═════ PROVIDED ENTRIES

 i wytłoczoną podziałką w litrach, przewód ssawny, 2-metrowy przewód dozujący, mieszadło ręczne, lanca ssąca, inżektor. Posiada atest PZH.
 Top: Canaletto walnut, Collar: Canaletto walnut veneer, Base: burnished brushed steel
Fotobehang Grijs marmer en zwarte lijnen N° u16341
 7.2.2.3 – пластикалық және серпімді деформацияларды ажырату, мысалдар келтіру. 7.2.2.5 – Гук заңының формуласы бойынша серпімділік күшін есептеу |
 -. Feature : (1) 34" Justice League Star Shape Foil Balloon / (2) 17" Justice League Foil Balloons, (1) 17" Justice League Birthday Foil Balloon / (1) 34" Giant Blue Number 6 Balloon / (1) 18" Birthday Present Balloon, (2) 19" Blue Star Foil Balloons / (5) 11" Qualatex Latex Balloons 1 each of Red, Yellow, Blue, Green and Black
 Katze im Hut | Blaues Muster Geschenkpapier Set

══════════
═════ PROVIDED ENTRIES

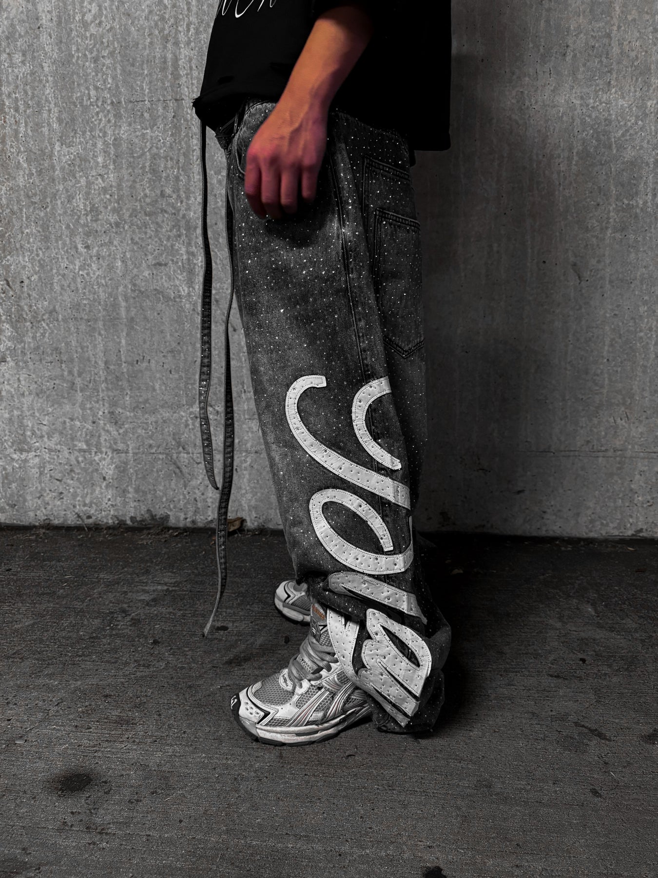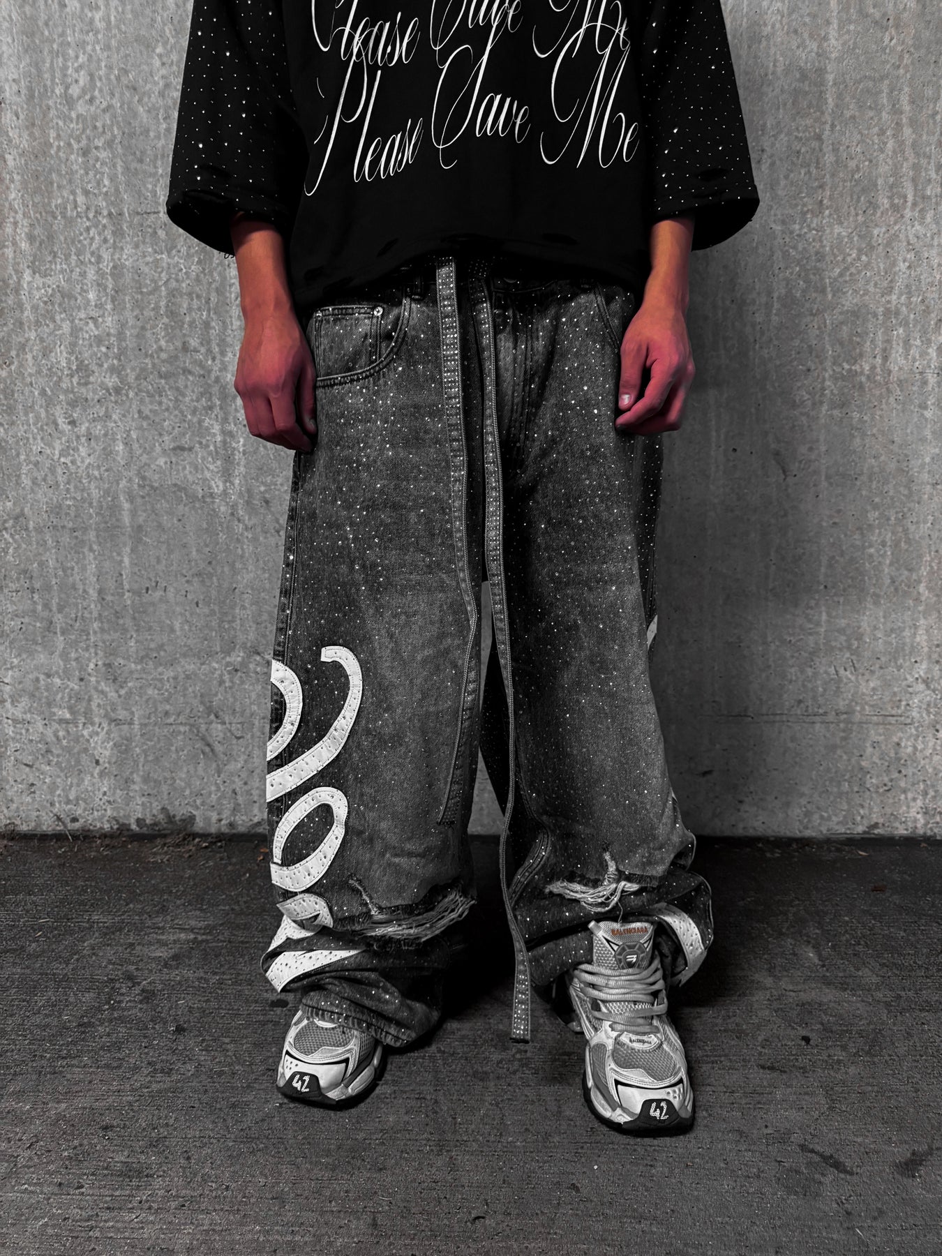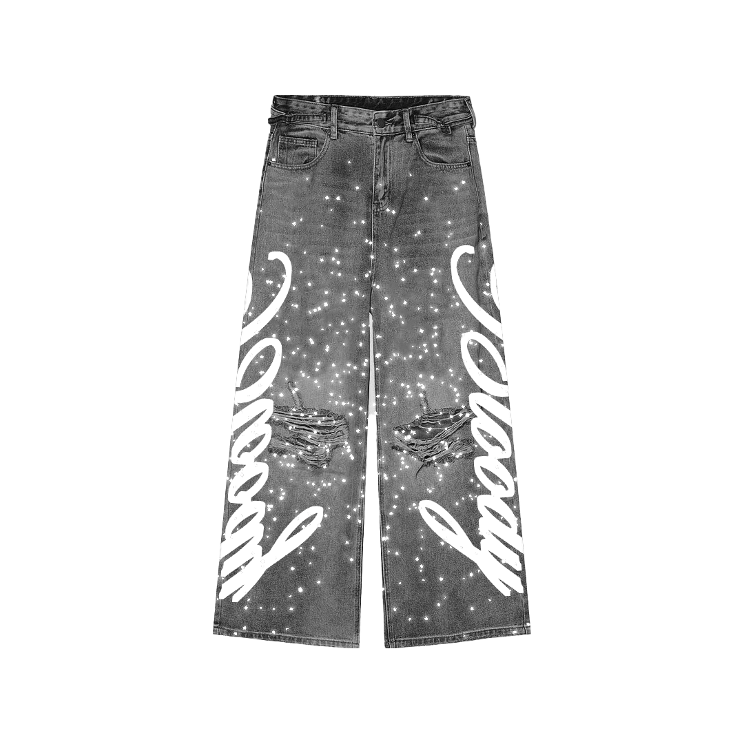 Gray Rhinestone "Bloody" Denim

══════════
═════ PROVIDED ENTRIES

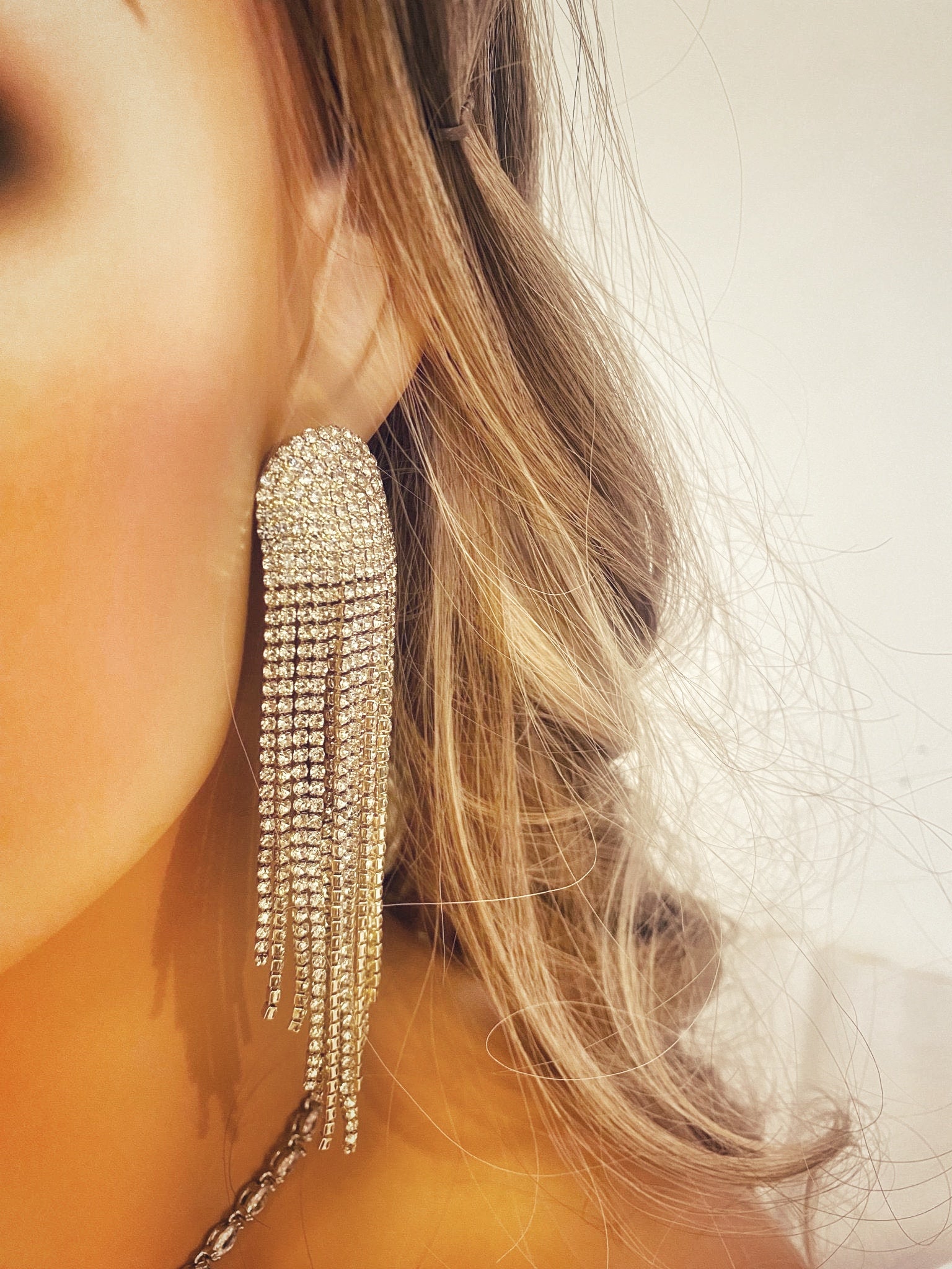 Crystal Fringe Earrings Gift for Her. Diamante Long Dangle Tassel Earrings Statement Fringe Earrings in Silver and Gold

══════════

→ DESCRIPTION OF THE TASK
Will you return exactly the lines above from the one with "Fotobehang Grijs marmer" down to the one with "7.2.2.3 – пластикалық", counting both as part of the range?

→ THE ANSWER
Fotobehang Grijs marmer en zwarte lijnen N° u16341
 7.2.2.3 – пластикалық және серпімді деформацияларды ажырату, мысалдар келтіру. 7.2.2.5 – Гук заңының формуласы бойынша серпімділік күшін есептеу |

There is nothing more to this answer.